Michele Barbaro, illustrazione per Il Castello di F. Kafka

Proprio nell’ambito delle scelte inique basate sulla gestione di un eterno presente da amministratori di condominio e totalmente cieche e sorde ai pur numerosi campanelli d’allarme squillati nel corso degli anni, troviamo la famigerata spending review che avrebbe dovuto eliminare gli sprechi nella pubblica amministrazione, cosa in sé legittima e persino auspicabile. Peccato che invece, di governo in governo, l’ascia si sia abbattuta sui posti letto e sul personale ospedaliero in cronica carenza. Se già nella routine quotidiana appariva problematico far fronte all’ordinaria gestione di una struttura sanitaria, oggi in un momento di crisi acuta dovuto all’epidemia di covid-19 è inevitabile che imploda fino al tracollo un sistema sanitario nazionale corroso da tagli su tagli sedimentati nel corso degli anni. Colpi mortali che hanno indebolito l’intero sistema, spingendo addirittura alla chiusura alcune realtà del sud Italia, per non parlare dell’organico medico-sanitario in carenza cronica.

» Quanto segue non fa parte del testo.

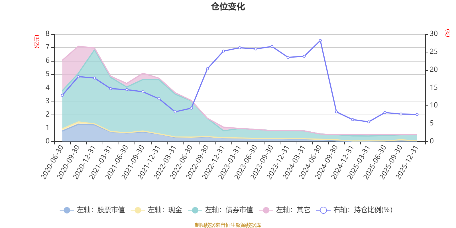 據(jù)定期報(bào)告數(shù)據(jù)統(tǒng)計(jì),近三年平均股票倉位為16.46%,同類平均為19.2%。2024年上半年末基金達(dá)到28.23%的最高倉位,2025年一季度末最低,為5.5%。
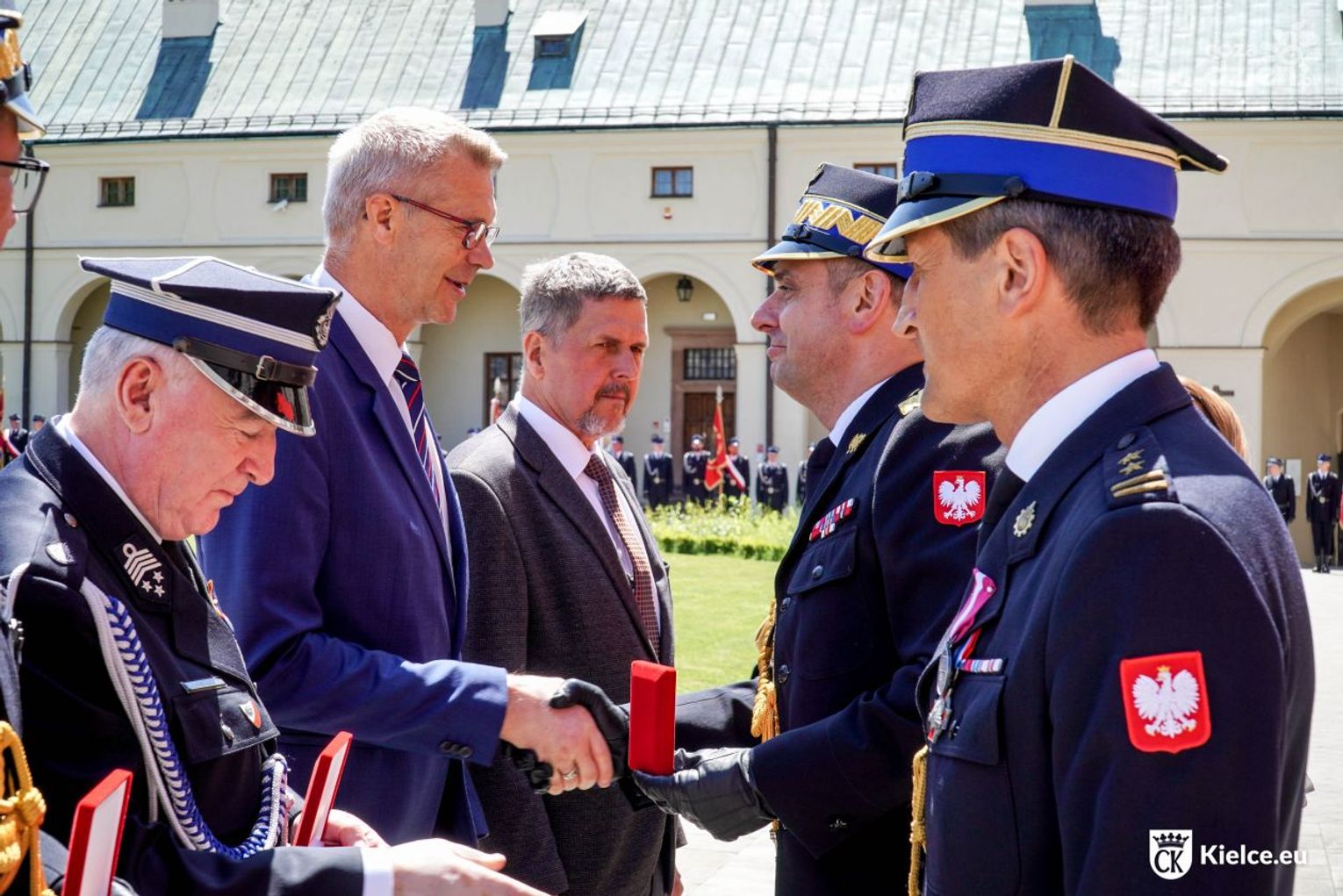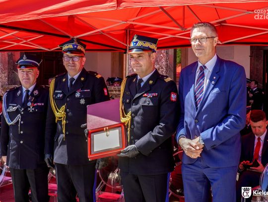 Prezydent Kielc podarował kieleckiej straży pamiątkowy grawerton. Sam zaś uhonorowany za wkład w rozwój ochrony przeciwpożarowej otrzymał specjalnie przygotowany na okoliczność jubileuszu medal. Taki sam medal otrzymał Jarosław Karyś, przewodniczący Rady Miasta.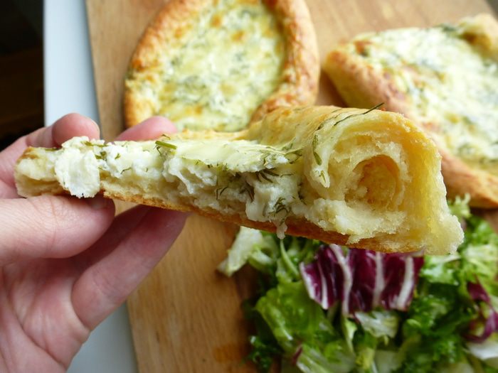 Хочу угостить Вас летними хачапури! Они очень легкие, нежные и немного рассыпчатые, в отличии от дрожжевых. Форма как у хачапури по-аджарски, но без яйца сверху. В начинке сыр сулугуни, немного творога и много свежего укропа! Подавать можно вместо с салатом из зелени. Приятного аппетита, друзья!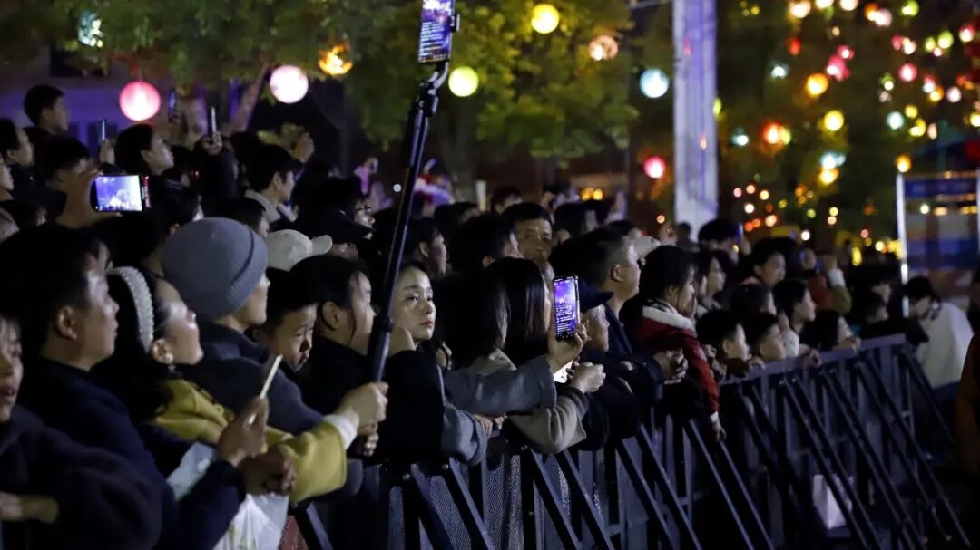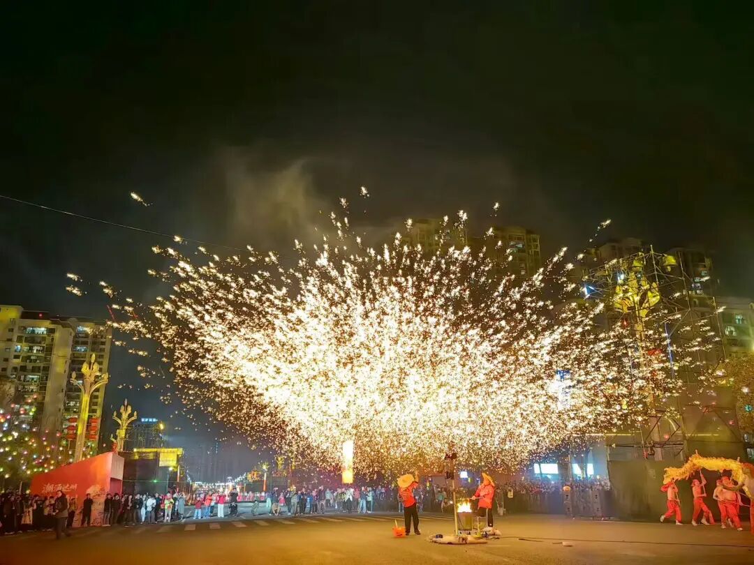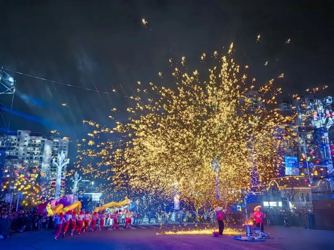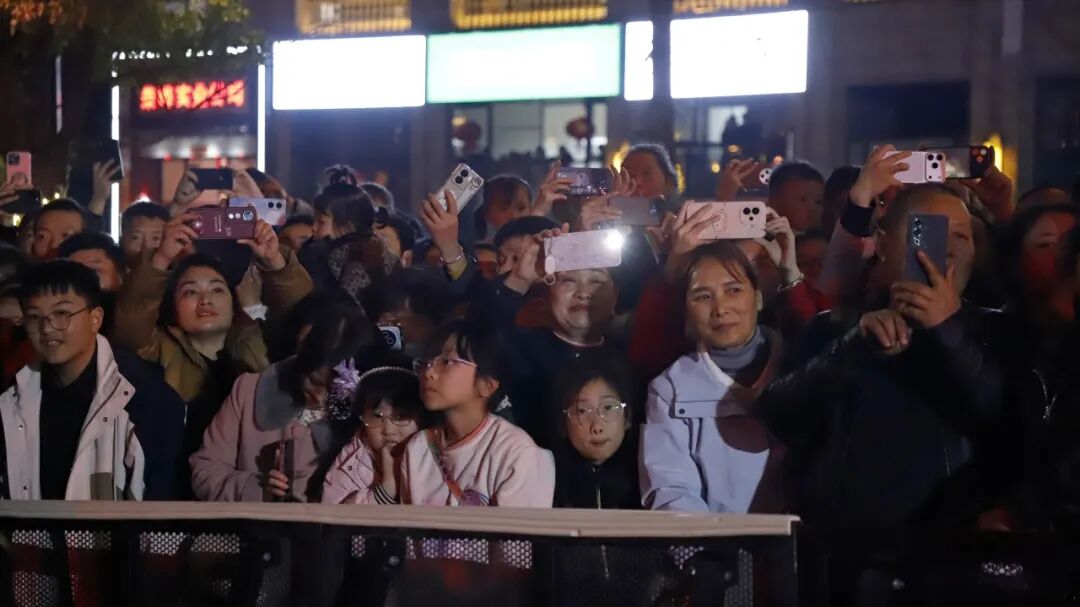 压轴登场的舞火龙、打铁花与火壶表演三项非遗绝活,更将现场气氛推向高潮。火龙翻腾映亮夜空,打铁花漫天星火璀璨,火壶表演技艺娴熟,市民们纷纷举起手机记录。滚烫的火花点亮了璀璨夜空,也温暖了这座城的新春之夜。最后,演员们分散全场为大家带来谢幕表演,演出也在温暖的氛围中圆满落幕。

Oggi sicuramente non è il tempo di bilanci, ma dopo bisognerà seriamente ripensare alle politiche dei tagli che hanno caratterizzato gli ultimi decenni, ripensare alla tecnologia che va percepita sì come un supporto, ma mai come un mezzo sostitutivo dell’apprendimento, delle relazioni e delle emozioni umane che necessitano di contatto fisico con l’altro.